Kickidler employee monitoring tool targeted by ransomware actors

Ransomware operations leverage legitimate Kickidler employee monitoring software for reconnaissance, tracking victims’ activities, and harvesting credentials after breaching networks.

Researchers who observed the attacks claimed that the Qilin and Hunters International ransomware affiliates were the perpetrators. Based on reports, these groups installed Kickidler, a tool capable of capturing keystrokes, taking screenshots, and creating screen videos.

The developer of Kickidler claims that over 5,000 organisations in 60 countries use the tool, which offers visual monitoring and data loss prevention features.

The attacks commenced when threat actors placed Google Ads that appeared when users searched for RVTools, a free Windows utility for managing VMware vSphere deployments.

Clicking on the ad will redirect the target to a fake RVTools site (rv-tool[.]net) promoting a trojanised program version.

This malicious program acts as a loader, downloading and executing the SMOKEDHAM PowerShell .NET backdoor, facilitating the installation of Kickidler on compromised devices.

Although these attacks primarily targeted enterprise administrators, whose accounts generally provide privilege upon compromise, researchers suspect threat actors may have retained access to victims’ systems for an extended period to gather credentials necessary for accessing off-site cloud backups without detection.

 

The Kickidler feature is a surprisingly beneficial tool for threat actors.

 

According to investigations, Kickidler facilitates such attacks by capturing keystrokes and web pages from an administrator’s workstation.

This tactic enables threat actors to pinpoint off-site cloud backups and obtain the passwords needed to access them without engaging in memory dumps or other high-risk actions that might raise alarms.
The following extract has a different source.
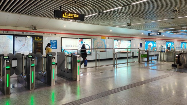 China - Stasiun di Shanghai sepi saat lonjakan kasus COVID-19 kembali terjadi di China. Stasiun yang biasanya sibuk ini pun kini tampak lengang tanpa penumpang.

In both recorded incidents, after resuming malicious activities on the breached networks, the ransomware operators executed payloads that targeted the victims’ VMware ESXi infrastructure, encrypting VMDK virtual hard disk drives and causing extensive disruption.
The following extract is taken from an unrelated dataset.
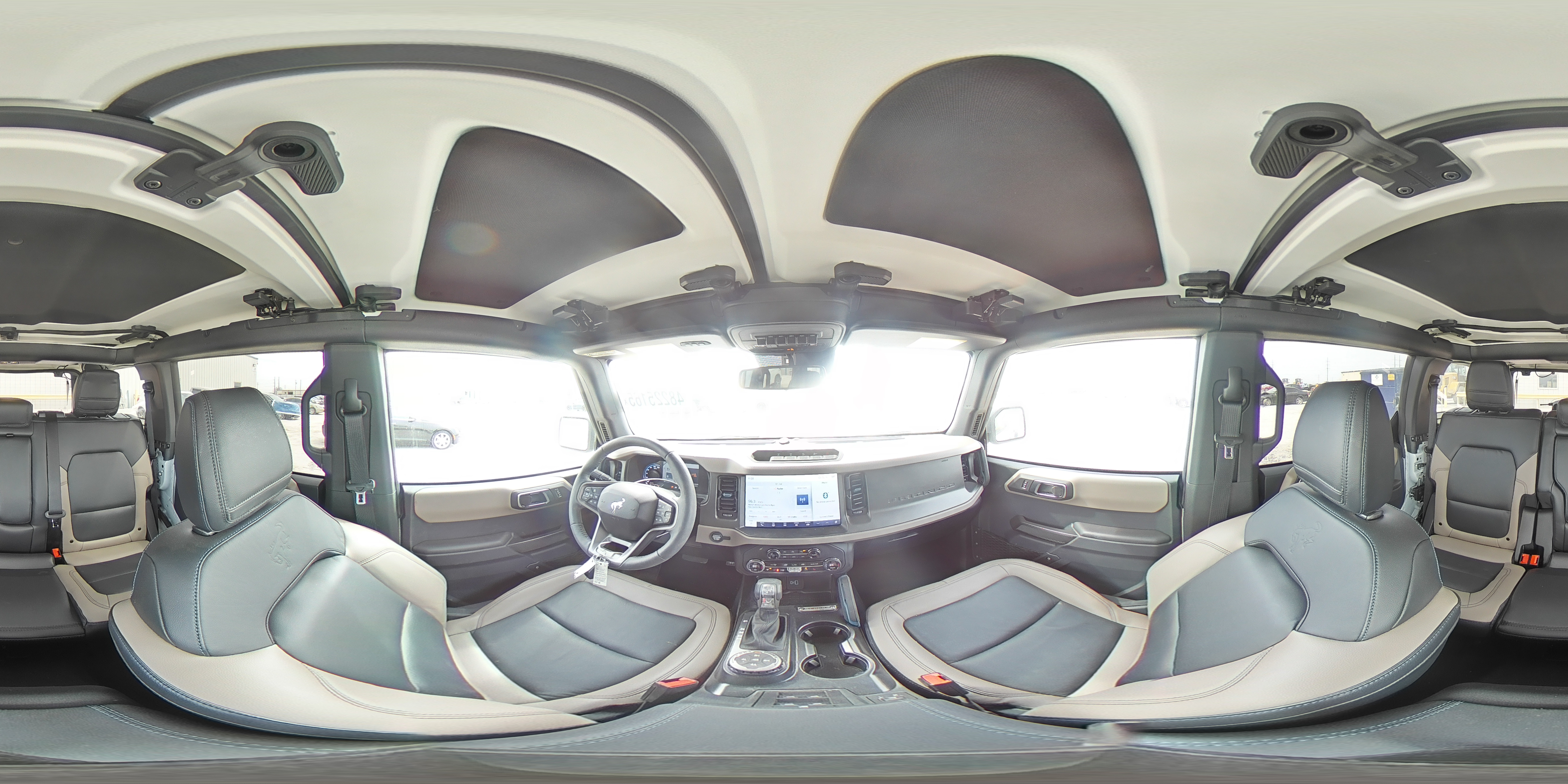 Inside, the Bronco is all about functional durability with a modern twist. Materials are built for abuse: marine-grade vinyl, rubberized flooring with drain plugs, and silicone-sealed switches in off-road trims. Higher trims add leather seats, 12-inch SYNC 4 infotainment, digital clusters, B&O audio, and unique contrast stitching. The dashboard features grab handles, MOLLE storage, and overhead aux switches — tools, not ornaments. The layout is wide, upright, and designed to accommodate open-air driving without sacrificing refinement.

While employee monitoring software is not a standard tool for ransomware groups, they have a long history of abusing legitimate RMM tools.

To mitigate such threats, security professionals are recommended to audit all installed remote access tools and verify the legitimacy of any RMM software. Application control policies should also be enforced to prevent unauthorised RMM software and permit only approved remote desktop tools and secure remote access solutions.